By Loraine Debnam
I have once again been reminded of why I am a firm believer in the old saying, “things happen for a reason.”
I had a lunch date with a friend recently. Since she had been away, I was looking forward to a lengthy visit to catch up on her travels and her family news.
Sometimes these lunches can span a couple of hours, as we chat about the happenings in our lives (and those of our grandkids). However, she had an appointment, so we wrapped things up much earlier than we normally do.
When I came home, I noticed my elderly neighbour standing in her front yard looking very distressed. She too had been out and had lost her keys somewhere during her trip.
Her closest neighbours (who have an extra key) were not at home and she has no cellphone. Thankfully, I was able to lend her mine, so she could call her son who came promptly to let her in and deal with the ramifications of the lost item.
If my lunch had not been shortened, she may have stood out there for a very long time.
I recognize there are some skeptics who would say this was just a “lucky accident,” but apparently there is more to it than that.
Although it’s hard to capture in specific data, researchers have been working on theories that the human brain is hardwired to connect things in a meaningful way.
Researchers believe we use instinctive laws of probability to drive new learning and understanding. We connect events creatively even when they are not based on logic or predictability.
Science writer Matt Hutson reports, “these connections suggest a feeling of destiny that can be good for us mentally.”

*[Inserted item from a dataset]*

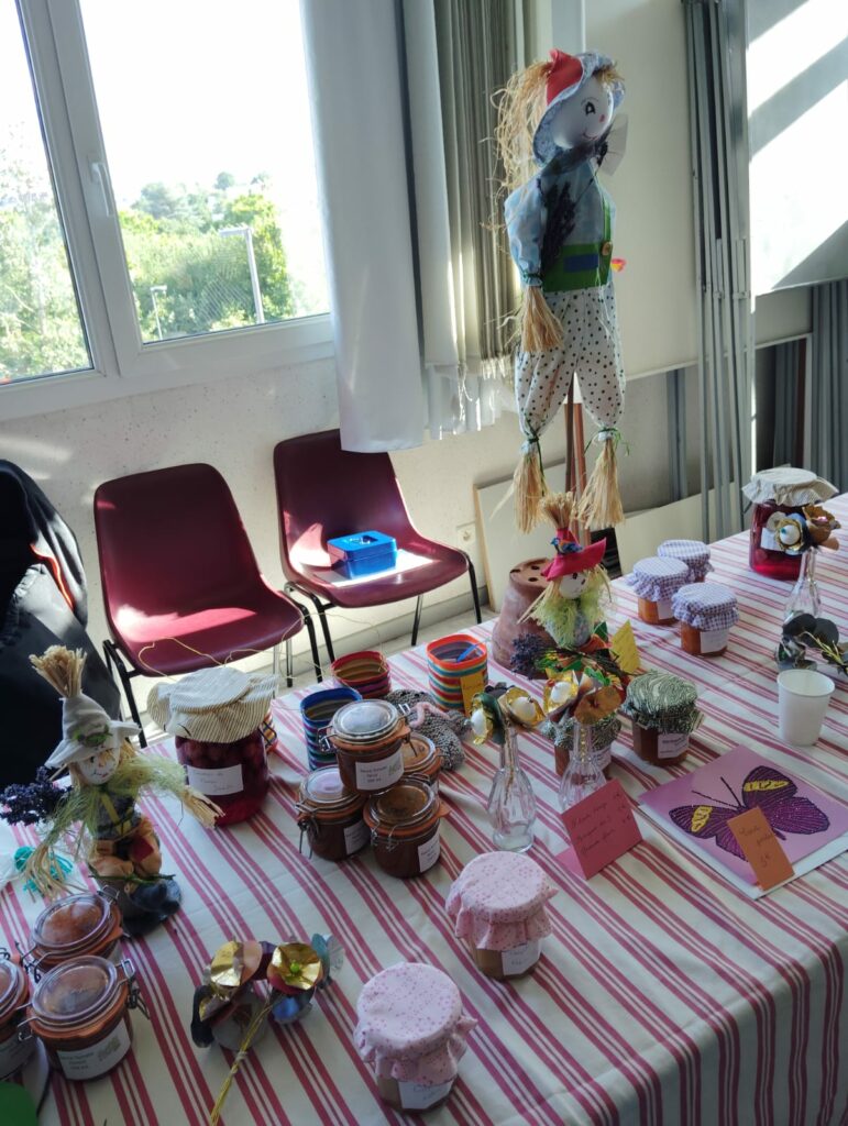 Un stand également été installé pendant l’assemblé, permettant de présenter le travail de la commission artisanat d’Emplettes & Cagettes. Elle réunit des adhérents qui souhaitent soutenir l’association en vendant leurs créations (décorations, confitures…)

Seemingly, it reinforces a sense there is a deeper order to things for those who have a talent for noticing what we label as coincidences.

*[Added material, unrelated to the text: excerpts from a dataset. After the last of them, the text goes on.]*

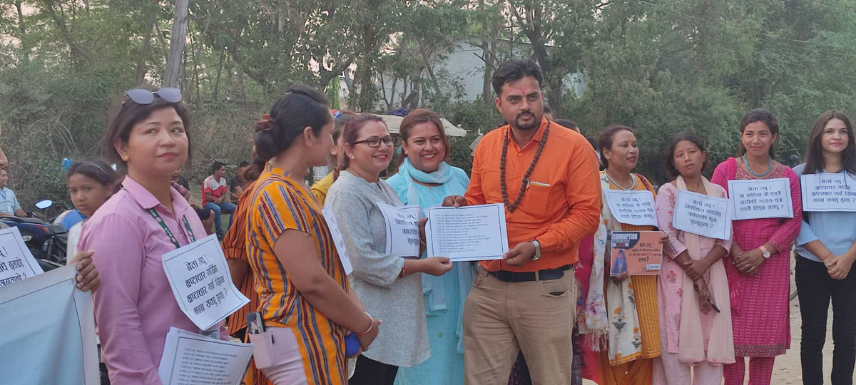 असल शासन क्लव बासले कोहलपुरमा आज आयोजना गरेको ‘नेता ज्यू, नागरिकको आवाज सुन्नुहोस्’अभियानमा मेयर पदका उम्मेदवार आचार्य र उपमेयर पदका उम्मेदवार सुवेदीले कोहलपुर नगरपालिकालाई भ्रष्टचारमुक्त बनाउने अभियानमा प्रतिबद्ध रहेको भन्दै हस्ताक्षर गर्नुभएको छ ।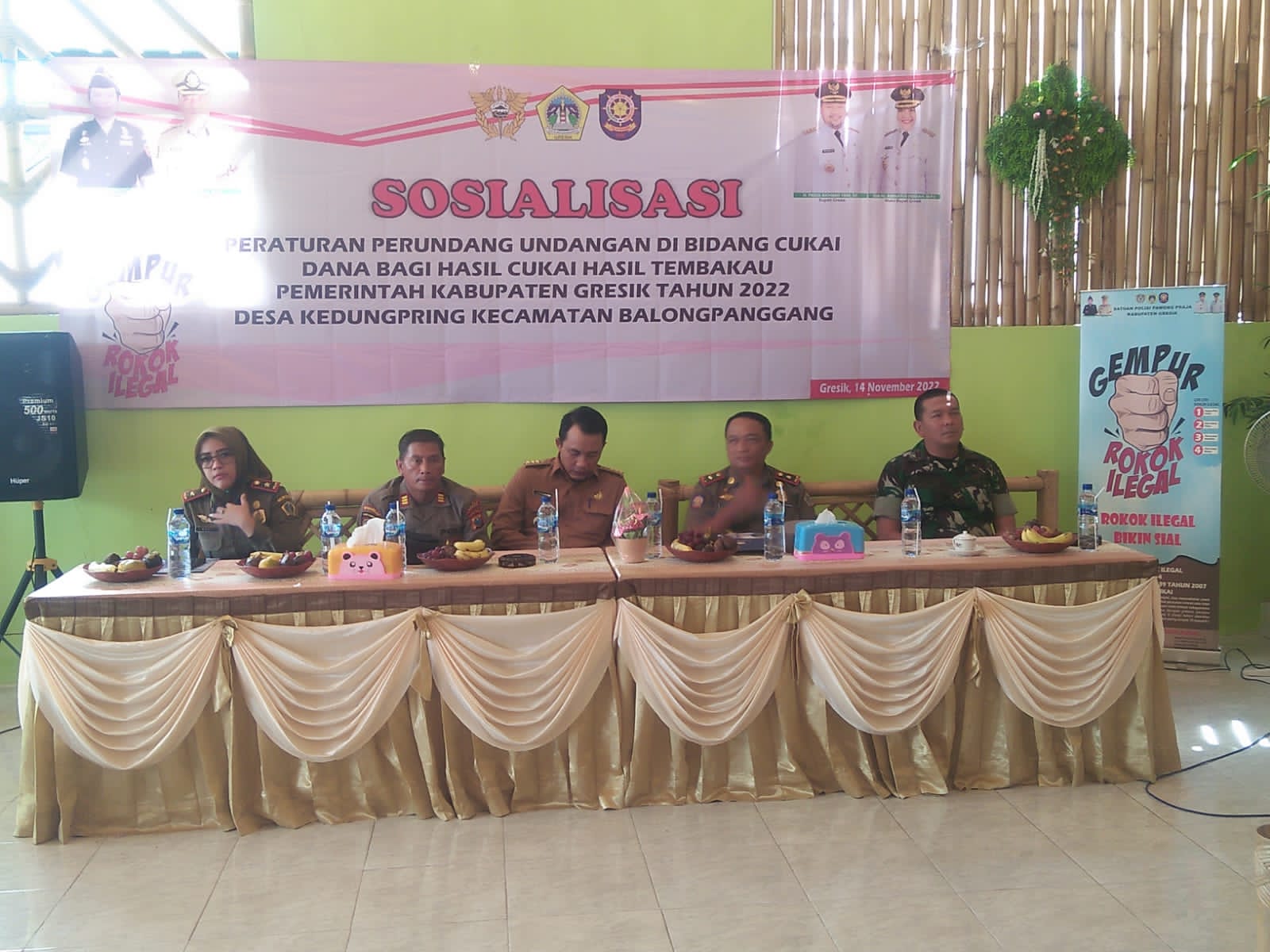 Dalam acara tersebut dihadiri oleh, Kasatpol PP Gresik Suprapto, A.P., M.Si., Camat Balongpanggang Muhammad Amri, S.SiT., Danramil 0817/06 Balongpanggang Kpt. Inf. Eric Cahya Mustika, Kanit Tipikor Polres Gresik Ipda Ketut Raisa, Fungsional Pemeriksa Beacukai kabupaten Gresik Ari Munandar Manshur, Kapolsek Balongpanggang AKP. A. Zainuddin.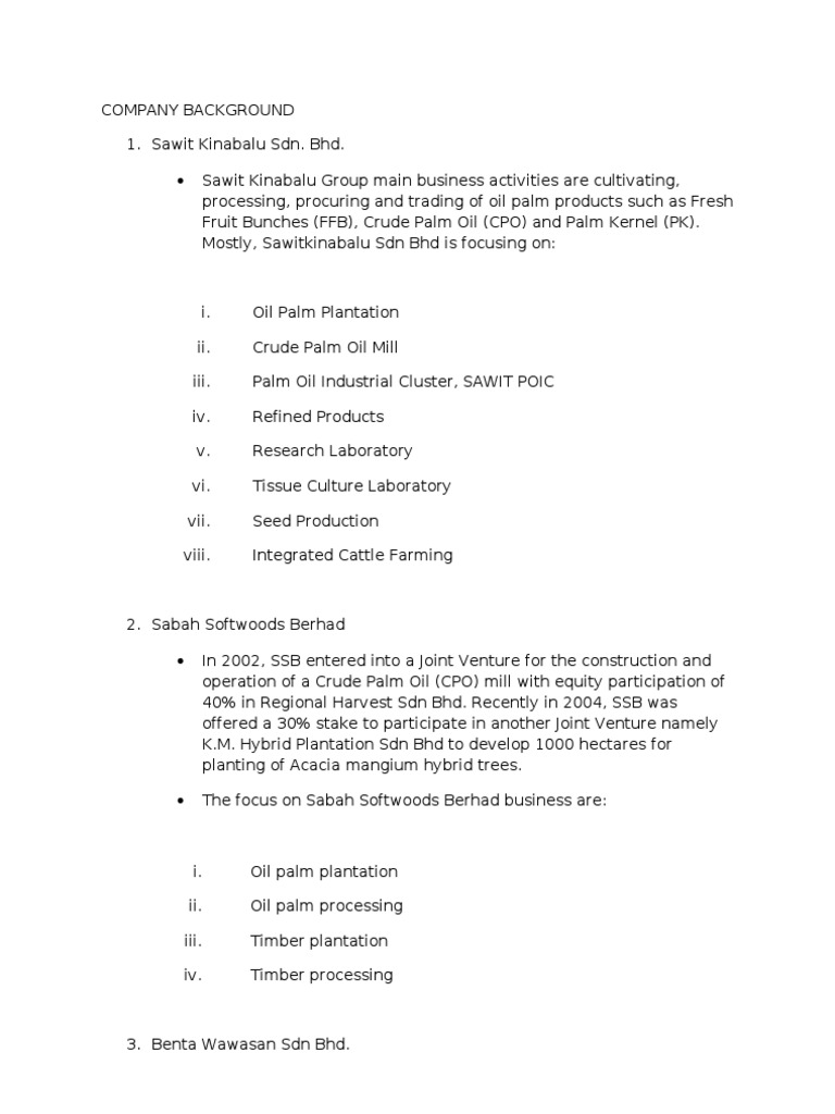 Company Background 1 Sawit Kinabalu Sdn Bhd from imgv2-2-f.scribdassets.com Sabah electricity sdn bhd contract reference:sesb t5250 year of award: Kota kinabalu, sabah 411 obserwujących. Apas balung mill (292 meeter), ipg kampus tawau (850 m), klinik kesihatan apas balung (1 km), airasia (6 km), super strap (6 km). Sawit kinabalu sdn bhd was incorporated on september 23, 1996. Off km 4 jalan tuaran, 88300 kota kinabalu, sabah, kota kinabalu, 88300, malaysia. Native borneo arts in kota kinabalu, sabah, malaysia bamboo crafts, matting from ferns, native groups: Makmuran veneer 89000 keningau, sabah, malaysia coordinate: Reisilaevadlähedal ettevõttele sawit kinabalu sdn bhd.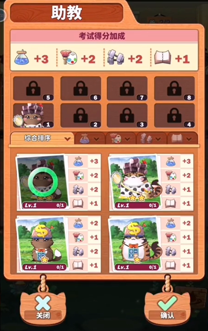 4、等级提升后开启助教功能,还能请回之前已经毕业的优秀学生,它们可以加速学习效率已经产生金币。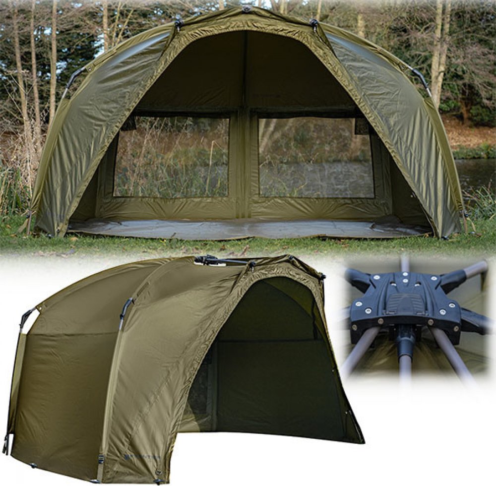 Unikátny centrálny systém ponúka rýchle postavenie a zabalenie, zatiaľ čo vylepšený tvar hliníkovej konštrukcie zaistí väčší úžitkový priestor a priestor pre hlavu, než kedykoľvek predtým pri tomto type bivaku. Použitím prevereného materiálu Ven-tec štylizovaného v khaki farbe a moskytiérovým camo ventilačným oknám, sú tieto bivaky nielen vysoko spoľahlivé, ale navyše aj skvele vyzerajú.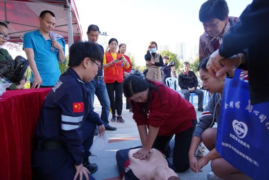 臺上演出精彩,臺下服務不斷。“雙手交叉,十指緊扣,手指翹起,掌根部用力,按壓部位在兩乳頭中線……”在文明集市上,同安區(qū)星暉救援隊的隊員們正為來往的市民介紹CPR心肺復蘇。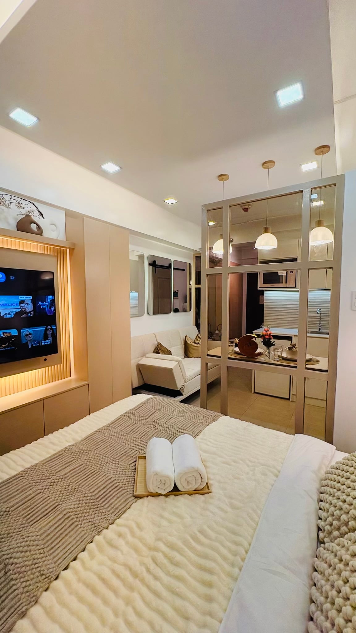Su suite 7 en Casiana Residences Tagaytay, una de nuestras 11 unidades ubicadas en el mismo edificio. Relájese en esta espaciosa suite de 40 m² con interiores de lujo y mobiliario de alta gama. Decoración elegante, ambiente acogedor y todas las comodidades que necesita para disfrutar de una estancia cómoda y relajante. Disfruta de una experiencia de lujo asequible con los servicios compartidos del hotel, como piscina climatizada, gimnasio de última generación, área de juegos para niños, carrusel, spa, restaurante y cafetería, bar en la piscina y estacionamiento gratuito.

Author Isaac Asimov said, “people are entirely too disbelieving in coincidences and far too ready to dismiss them.”
There are so many synonyms and related words in our language that it makes a person wonder if perhaps he isn’t correct in his statement.
Synchronicity, happenstance, luck, serendipity and flukes are all used to describe a collection of unrelated incidents which have a great deal of meaning for one observer while another would see no significance or importance in these happenings.
For myself, I agree with lecturer Deepak Chopra who said we should live our lives, “with an appreciation of coincidences which help us to connect with the field of infinite possibilities.”
Being open to those new “possibilities” can bring a sense of unity and connectedness with the universe.
I don’t want to spend every day carefully sifting, weighing, classifying and selecting to make scientific logic of all the occurrences. There is not always a linear cause and effect.
Unanticipated random happenings often bond an external event with an internal event giving meaning and significance, which is strictly on a personal level.
I don’t want to be in charge of everything that happens, making the assumption I always know what my path is in this life.
Seeing things from new perspectives helps us stay curious, resilient and full of wonder.